A recession means a period of negative economic growth. This means there is a fall in National Output.
The official definition of a recession is when there is negative economic growth for two consecutive quarters. (i.e. for 6 months)
However, in practise people may talk about recession, even when the economy is growing very slowly. In economics we sometimes refer to this as a growth recession. This is because when economic growth is very low it means that we usually see many of the common features of recession.
In a recession the following usually occurs.
1. Lower Incomes
2. Rising Unemployment
3. Lower inflation
4. Higher Government Borrowing
5. Fall in sales of houses.
6. Fall in Business and consumer confidence
7. More spare capacity in the economy.
Note, the US economy is still someway off recession. Economic Growth is less than 2%, but, there is no immediate danger of leading to negative growth.
The problem in the US is that:
1. The Housing Market is in decline.

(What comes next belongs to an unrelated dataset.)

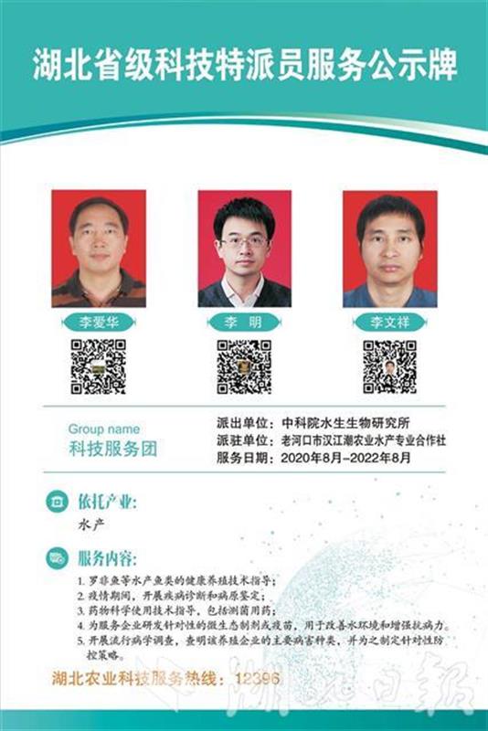 湖北日报讯(记者文俊、通讯员邓坤烘)8月31日-9月2日,省科技厅、中科院水生所联合组织的“湖北省级科技特派员服务团襄阳行”活动先后走进襄城区、襄州区、老河口市、宜城市,向45名农业企业负责人做了现场技术推广,深入3家水产企业进行调研服务,以科技助力复工复产推动农业企业疫后重振。

In many cities house prices are falling.
2. The Stock market is falling, Partly due to the sub prime mortgage lending problems.
3. There are fundamental imbalances in the US economy
- low savings ratio,
- high debt levels,
- trade deficit and
- government fiscal deficit.
- Weakness of the dollar (related to trade deficit)
People are concerned that the combination of falling house prices, falling share prices and rising interest rates are likely to cause a recession.
If people fear a recession is about to occur, this fear can often make it happen. If you feel there may be a recession in the future then you will cut back on spending and this can cause a further fall in AD.